- _What you have to do_
Only the lines below from the one containing "Tillsammans med detta" through the one containing "Editorial design of" belong in the answer, set down exactly, with the pictures left out.

━━━━━━━━

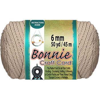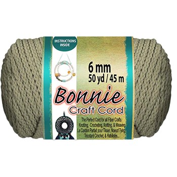 Bonnie craft cord is made from 100% polyolefin fiber, making this cord durable, colorfast, heat fusible, washable, and UV-stable. This 6mm braided cord is perfect material for macrame projects requiring medium-duty cord including rugs, wall hangings, and plant hangers. Works best with crochet hook size N13/9mm. 50 yards per skeins. 6mm or .24”
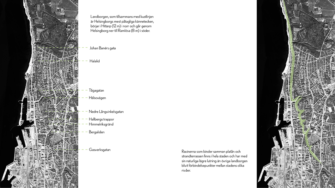 Tillsammans med detta föreslås parkeringsplatsen uppe på landborgens platå att bebyggas med bostäder i två våningar samt lokaler som vätter ut mot landborgen med en fantastisk utsikt över Öresund. Med dessa tillägg kommer stadslivet med bostäder att växa upp på landborgen och knyta samman Helsingborgs stad.
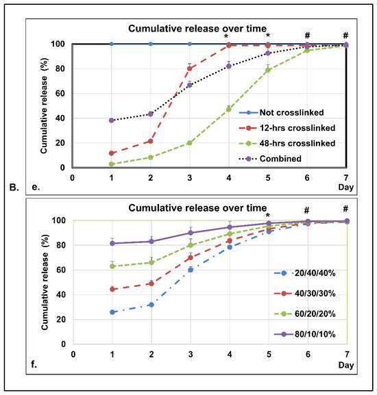 Cumulative release profile of ketoprofen and different molecules with/without cross-linking, and a schematic representation of the cross-linking. (A): (a) cross-linked and (b) non-cross-linked (scale bars = 5 µm). (c–f) Cumulative release over 7 days: (c) cumulative release over time at 12 or 48 h cross-linked for the same bioactive materials (ketoprofen); (d) cumulative release over time at 48 h cross-linked for different bioactive materials (MET: metformin, anticancer drug: 5-fluorouracil, macromolecule: exosomes); (B): (e) cumulative release over time for the same bioactive materials at different cross-linking time; (f) cumulative release over time for the same bioactive materials at different combination ratio of cross-linking time. When the same bioactive material was cross-linked at different combination ratios of cross-linking time, a controllable and stable release profile could be achieved. (Data are shown as percentage of non-cross-linked/12 h cross-linked/48 h cross-linked). All the formulations have shown more than 95% of drugs being released within 7 days; each data point represents the average of 4 samples from 4 batches (n = 4; *: p > 0.05 between 2 groups; #: p > 0.05 between all groups).
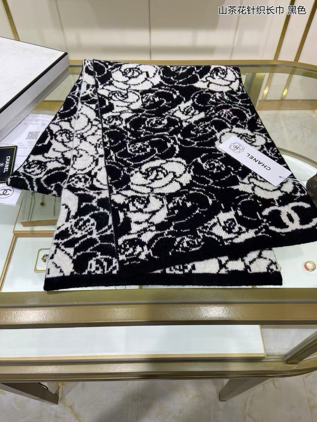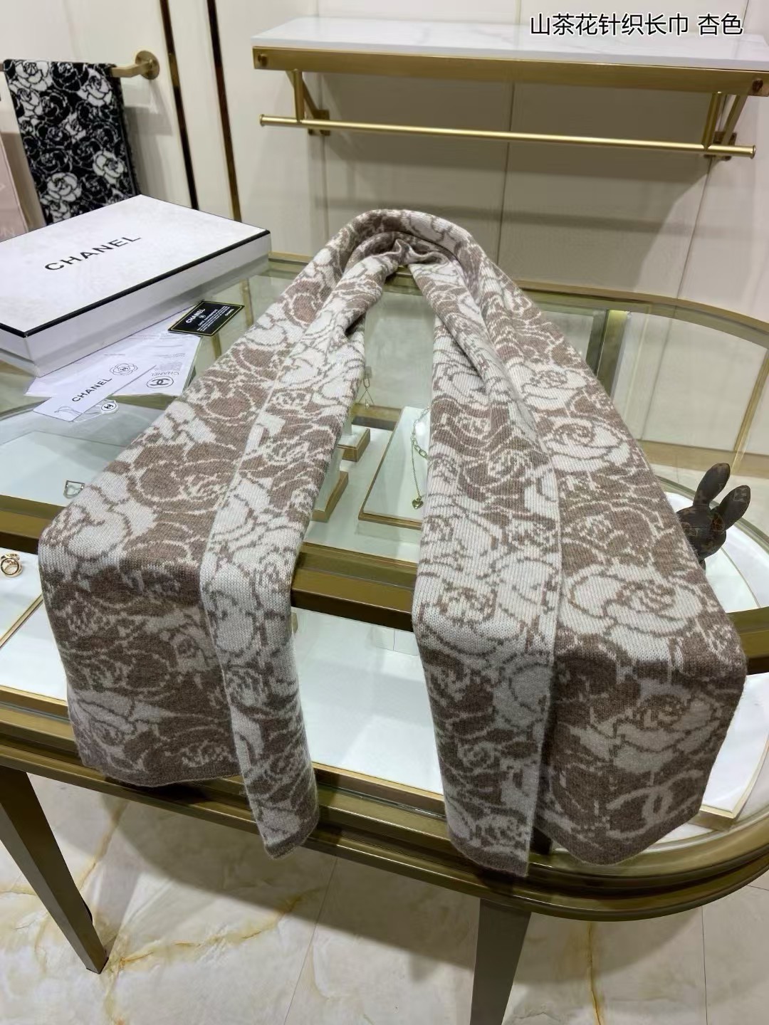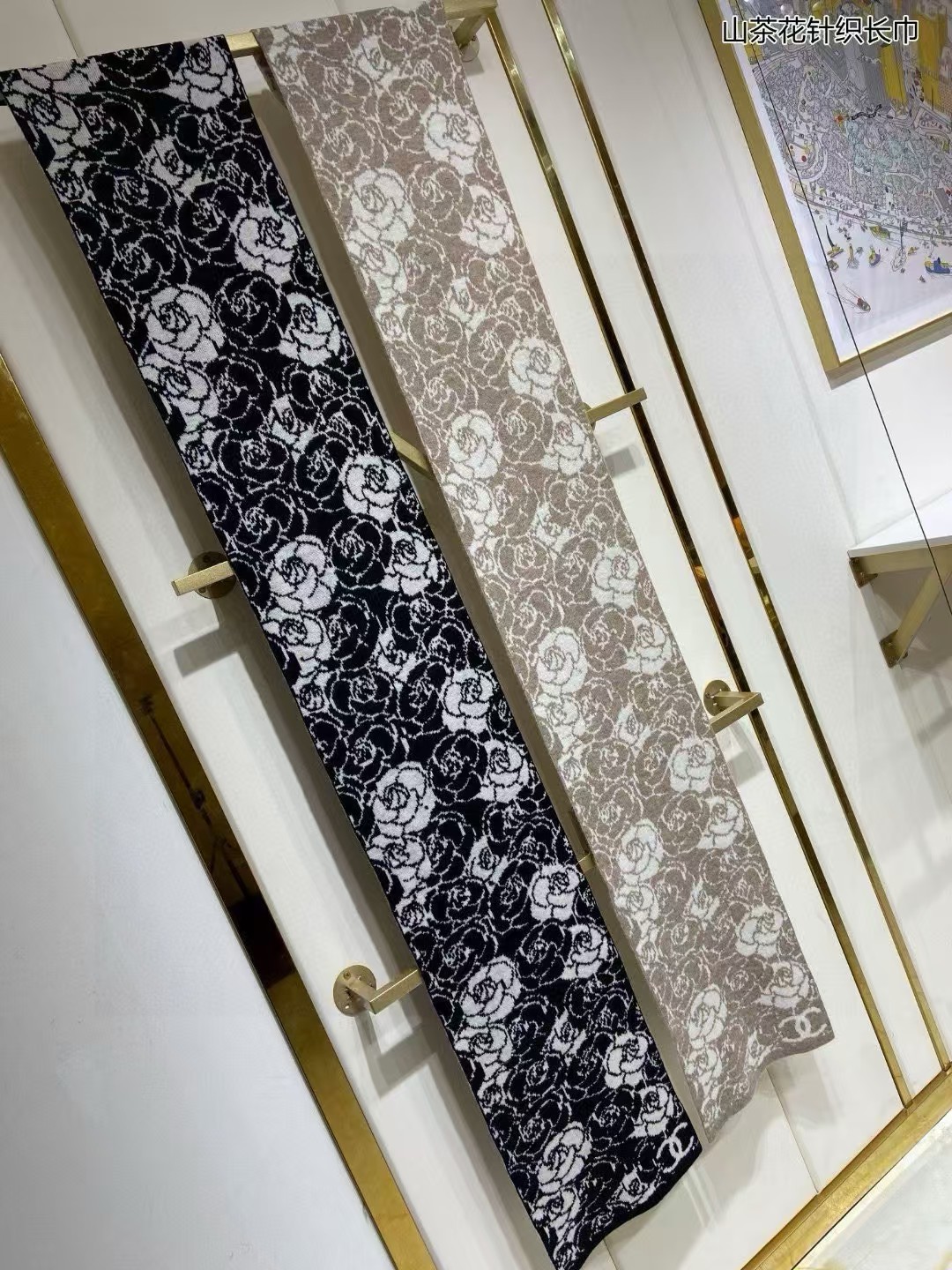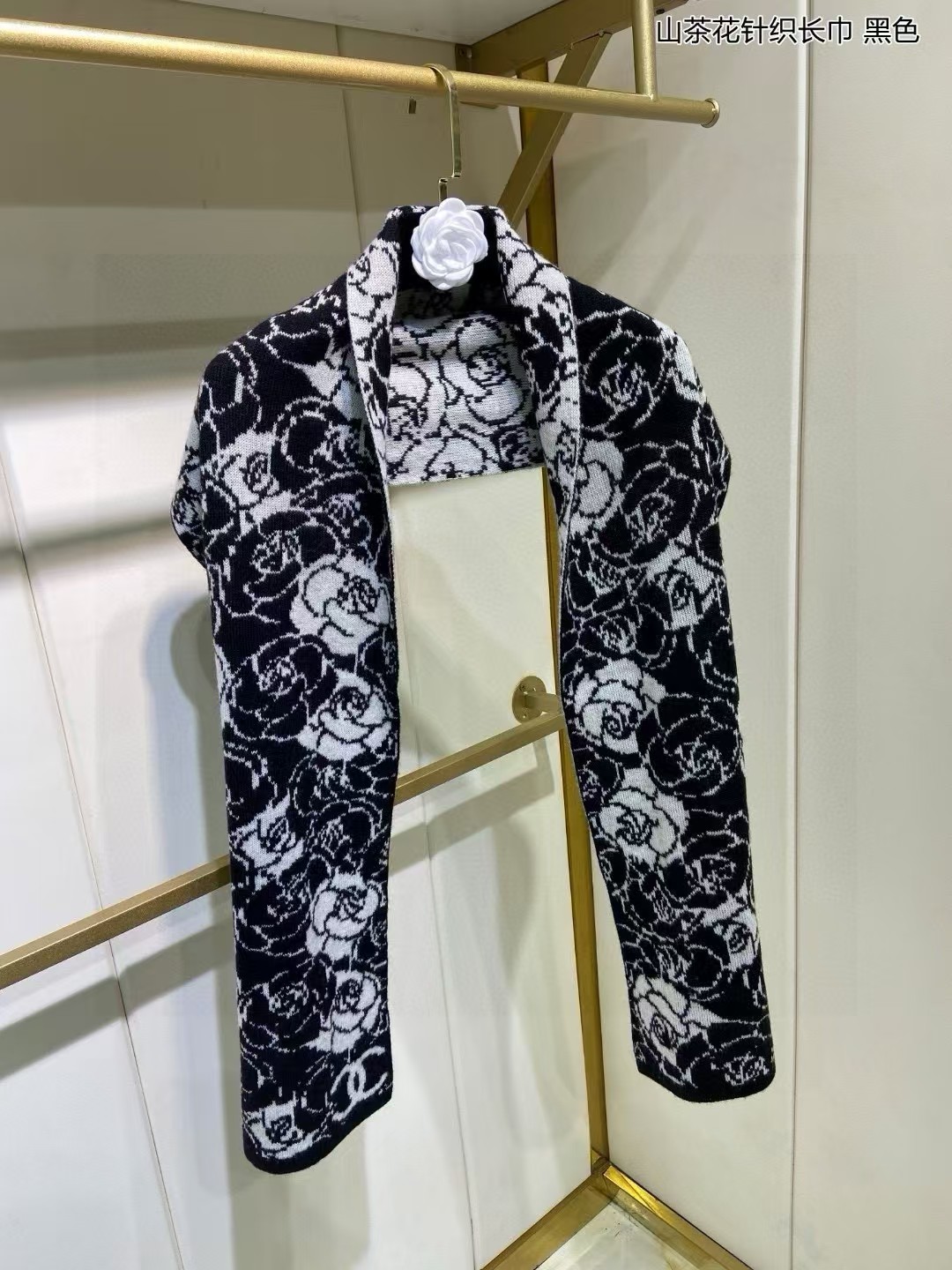 CHANEL 香奈儿 羊绒 山茶花针织长巾
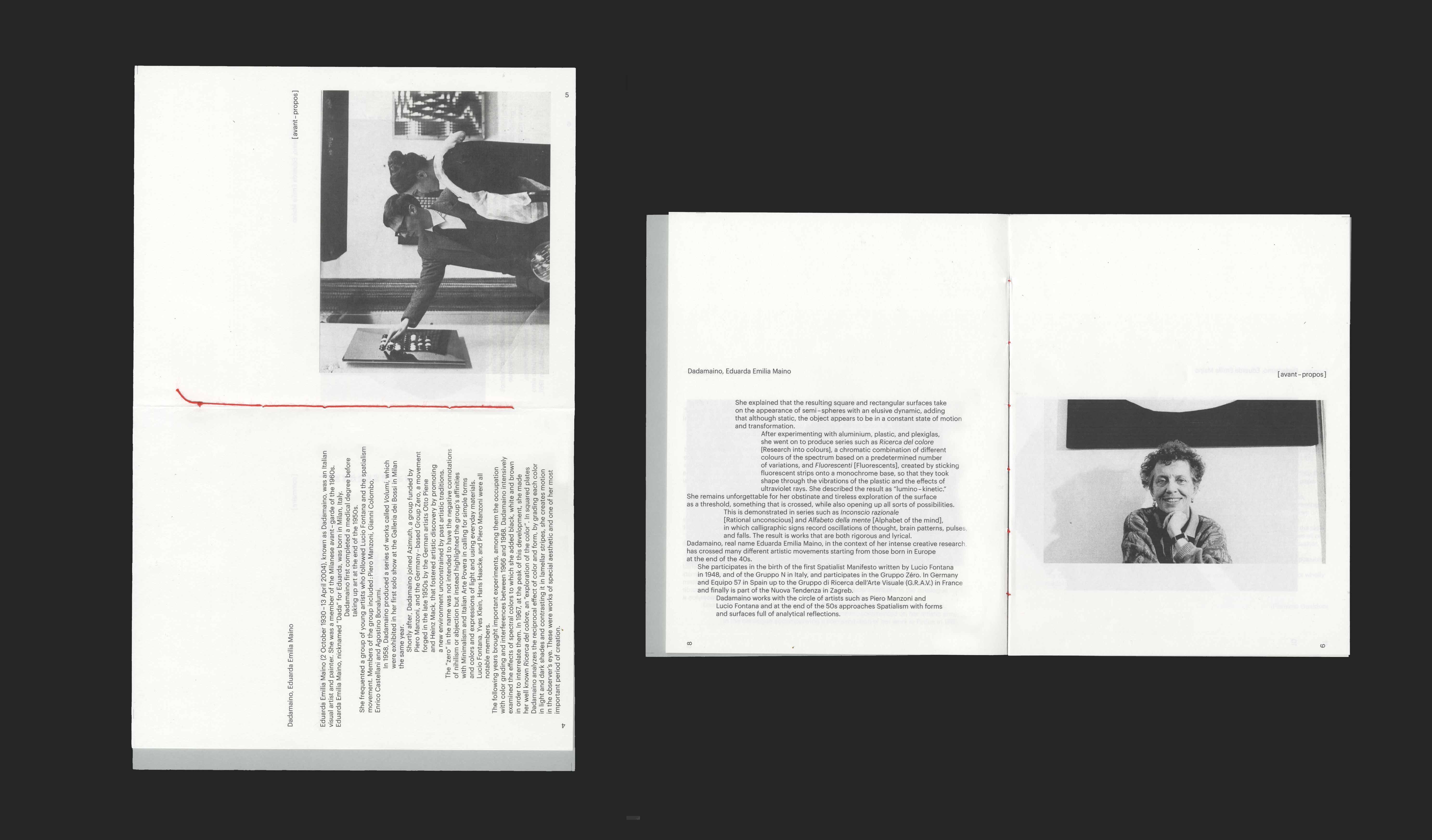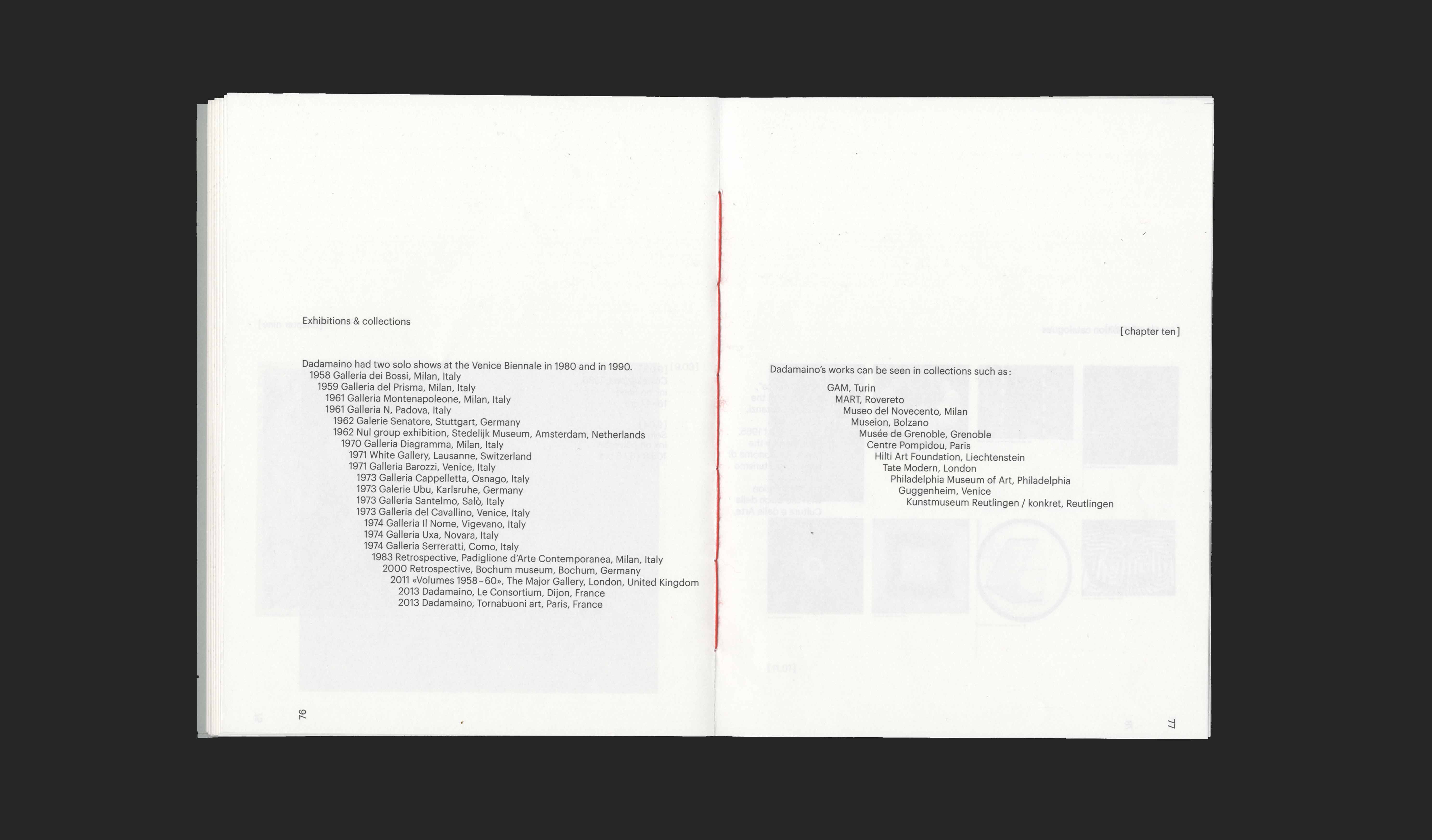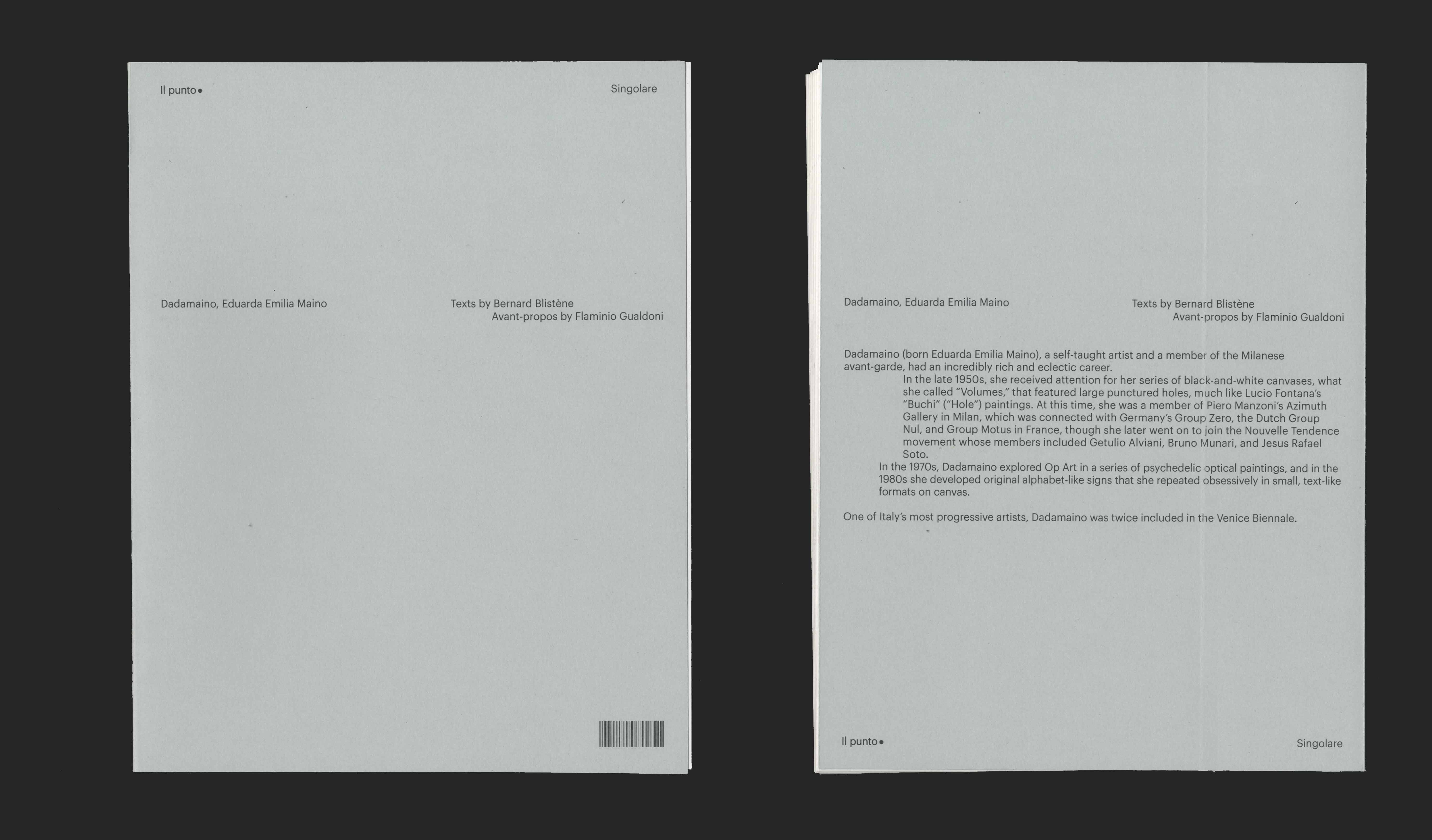 Editorial design of a monograph on the Italian artist Dadamaino, for the (fictional) publishing house Il Punto.
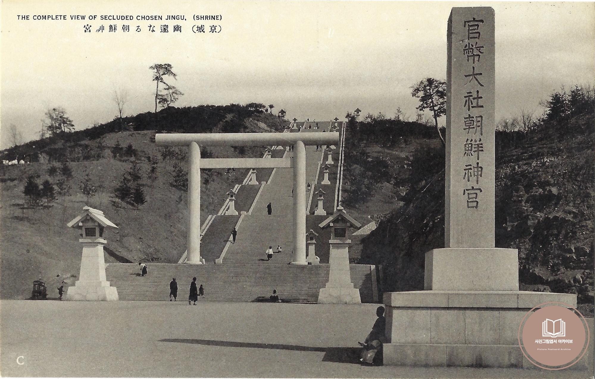 1930년대 다이쇼사진공예소(大正寫眞工藝所)에서 발행한 것으로 추정되는 '정치경제백선의 중심 - 경성부 명승집' 사진그림엽서 13장 중 조선신궁의 사호표와 토리이, 대석단 모습이 담긴 자료이다. 조선신궁은 일제 식민통치 수단 중 하나로 1912년 조선신사로 설립되었다. 현재의 서울 남산 한양공원에 위치한 조선신궁은 일본 건국신화의 주역인 아마테라스와 경술국치의 주역 명치일왕을 제신(祭神)으로 두고있다. 1925년 일제는 조선신사에 대한 사격을 높이기 위해 본래의 조선신사 명칭을 조선신궁으로 개칭하고 관폐대사로 격상하는 등 일본 식민통치의 정신적 중심지 역할을 가속화했다.
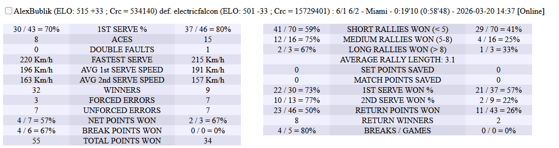 | 20.03.2026 | Round of 32 | AlexBublik | electricfalcon | 6-1,6-2 | |
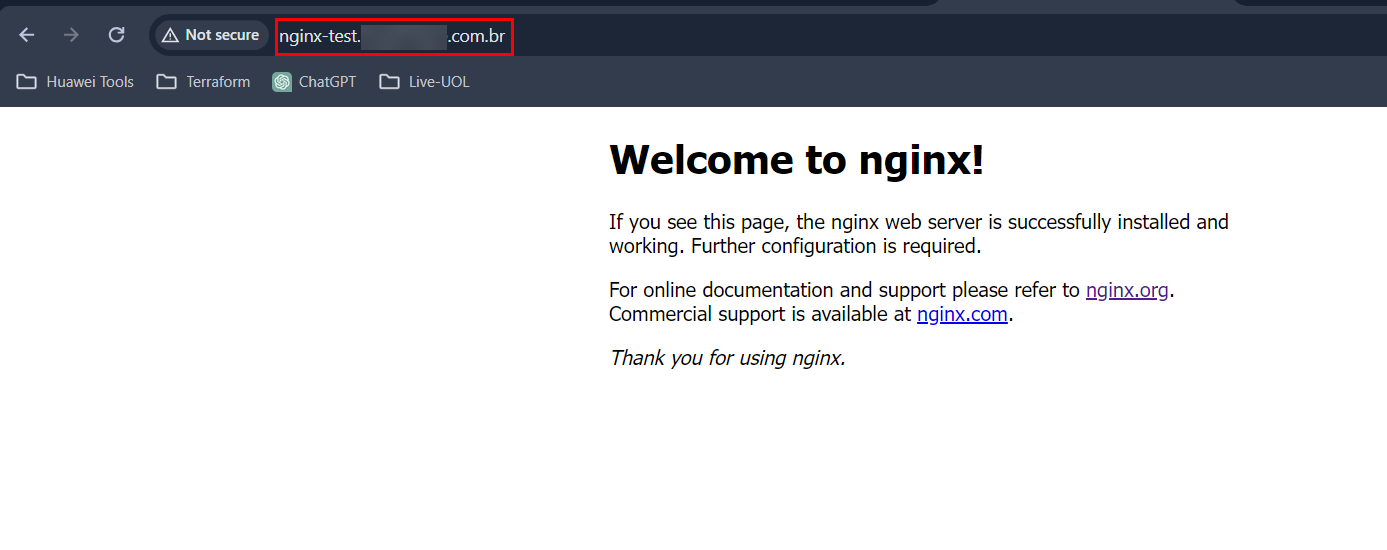 Now, if we type nginx-test.example.com.br, it will redirect the NGINX application:

━━━━━━━━

- _Solution for this task_
 Tillsammans med detta föreslås parkeringsplatsen uppe på landborgens platå att bebyggas med bostäder i två våningar samt lokaler som vätter ut mot landborgen med en fantastisk utsikt över Öresund. Med dessa tillägg kommer stadslivet med bostäder att växa upp på landborgen och knyta samman Helsingborgs stad.
 Cumulative release profile of ketoprofen and different molecules with/without cross-linking, and a schematic representation of the cross-linking. (A): (a) cross-linked and (b) non-cross-linked (scale bars = 5 µm). (c–f) Cumulative release over 7 days: (c) cumulative release over time at 12 or 48 h cross-linked for the same bioactive materials (ketoprofen); (d) cumulative release over time at 48 h cross-linked for different bioactive materials (MET: metformin, anticancer drug: 5-fluorouracil, macromolecule: exosomes); (B): (e) cumulative release over time for the same bioactive materials at different cross-linking time; (f) cumulative release over time for the same bioactive materials at different combination ratio of cross-linking time. When the same bioactive material was cross-linked at different combination ratios of cross-linking time, a controllable and stable release profile could be achieved. (Data are shown as percentage of non-cross-linked/12 h cross-linked/48 h cross-linked). All the formulations have shown more than 95% of drugs being released within 7 days; each data point represents the average of 4 samples from 4 batches (n = 4; *: p > 0.05 between 2 groups; #: p > 0.05 between all groups).
 CHANEL 香奈儿 羊绒 山茶花针织长巾
 Editorial design of a monograph on the Italian artist Dadamaino, for the (fictional) publishing house Il Punto.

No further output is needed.